I'm more interested in the "scientists" behind this "gay gene" research, such as the Texan J Michael Bailey. He's spent years hanging around gay bars talking to gay and transgender people, which is kind of weird considering he's a heterosexual man—don't you think? If this oh-so straight father of two does find a way of identifying fetuses that'll turn out gay, he's totally cool with parents choosing to abort them. He dresses up his research as concern; he wrote: "The brains of homosexual people may be mosaics of male and female parts…. Learning why gay men are more easily depressed than straight men might tell us why women are also." He doesn't seem to question whether depression among gay men and women could have anything to do with all the straight men like him who just won't leave us alone.

Bailey recently made headlines after he let someone make a woman come with a sex toy called a "fucksaw" during one of his college classes. The fucksaw sounds somewhat cool, but the point is that the man is a douche. His book about transgender people, The Man Who Would Be Queen, was panned as scientifically unsound, and numerous people who were featured in it filed complaints of misconduct. Stanford University neurobiologist Ben Barres, himself transgender, said the book was one of "the most unsympathetic portrayals of transsexuality ever written." In response, Bailey quoted a line from his book: "True acceptance of the transgendered requires that we truly understand who they are." Bullshit. True acceptance of transgender people simply requires that we truly accept transgender people. Ditto gay people. The end.

Some people like the taste of pizza, and some people like the taste of cock.
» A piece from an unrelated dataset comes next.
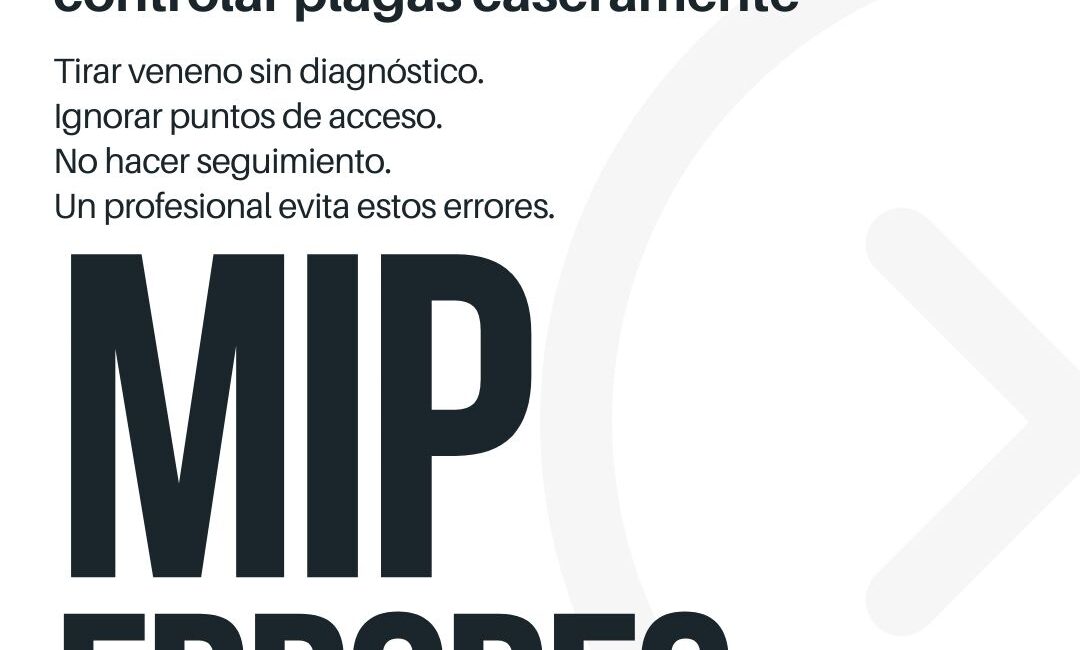 El control de plagas casero suele estar lleno de errores que aumentan los riesgos en lugar de solucionarlos. Tirar veneno sin diagnóstico, ignorar accesos y no hacer seguimiento son prácticas que no eliminan el problema y pueden incluso empeorarlo. La mejor alternativa es el Manejo Integrado de Plagas (MIP), aplicado por profesionales capacitados que aseguran resultados eficaces y seguros.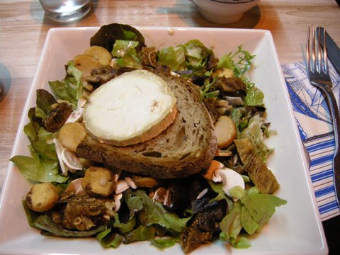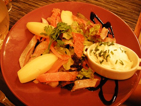 あぁもうなんだか部屋がカオス!とストレスを感じながら遅々として片付けが進まないので現実逃避させていただきます。革バッグのためにTAPIRのワックス探しつつもみつからないのでラナパー注文したりね。いいんだ、これからマメに革靴の手入れしよう、って思ってるから…さぁ。食べ物Anger編の後編ですよ。うふふふふ。夜ご飯は、先輩が寮で一緒のお友達フランス人男子&女子とともにいい感じのお店でちょいと贅沢に。まずは前菜。先輩と私は量を考えて、2人で1皿をシェア。なんしか魚、サーモンともう1種がのっかってます。サーモンじゃないほうが名前わかんないけど、かなり塩気が効いててワインとかに合いそう。バルサミコのソース、うまー!メインには牛肉の赤ワイン煮込み(ブルゴーニュ風)的なもの。全然記憶が定かでないけど、多分そんな感じだったと思う。ほい!ほろりほろりのやわらかーい牛肉ですよ。旨かった…飲めない赤ワインも、MAISON DE VINで働くSちゃんが選んでくれたことだしちょいと飲んでみましたですよ。あぁほんとに私の肝臓がもっと頑張りやさんであれば!!これを頂いたら日本人的にはやはりもうお腹一杯だよね、てことで私は食後は先輩のまねっこでお茶のみ。しかしもちろんフランス人2人はがーっつりとデザートまで食べてましたとも。若いってこともあるのね、きっと。(2人は20代でした)2日目、3日目は引っ越したばかりの先輩のお宅に泊めていただき、朝ごはんは近くのカフェにブーランジェリーで買ったクロワッサンとパン・オ・ショコラを持ち込んでカフェオレとともにいただきました。うひ。フランスってかんじですなぁ。この旅ではカロリー無視!日本ではクロワッサンなんてバターたっぷりだから避けちゃうけど!このカフェはほんとにのドリンクだけ、て感じでパンを持ち込むのは「どうぞどうぞ」という感じだそうで。韓国でも一部、持ち込んで平気なお店があるのと似てるかな。日本ではそういうの、無いですよね。そしてアンジェ市内を観光して、お昼は美術館併設なカフェで野菜ラザニア。7.5ユーロとお手頃価格だけどボリュームは満点~♪これ、珍しくベジタリアン対応だな、と思いました。アメリカとは違って、フランスではあまり『ベジタリアン向け』なメニューは一般的ではない模様。BIOと書かれた、無農薬食材(有機栽培かな)のものはスーパーでもちょこちょこ見ましたし、パリでは専門店らしきお店もみかけましたが。日本もそうだけど、フランスもお肉や乳製品の誘惑が多すぎるもんね…ふふ…マクロビに挫折した身としては、仕方ない!と開き直ってます。ちなみにおやつには、こんな大きなガレットをもしゃもしゃ食べたりも。バター風味が濃厚で、たまらんです!食べ物Angers編はここまで。次は観光編に参ります!

So what? Life is chaotic and unknowable, and there are far more important things to worry about than why people with pussies like licking other people's pussies. Maybe it's just fun. Why doesn't fun ever get mentioned in these studies? Write a paper on that if you want, science. I'll be busy banging. Because whatever gets your rocks off, if it feels good, I say just do it. Suck. Scissor. Shove a fucksaw smeared with gay earwax up your butthole for all I care. If everyone is adult and you're not hurting anyone without his or her full and informed consent, I hereby declare it OK to be gay. If you fancy it. No reason required. You're welcome.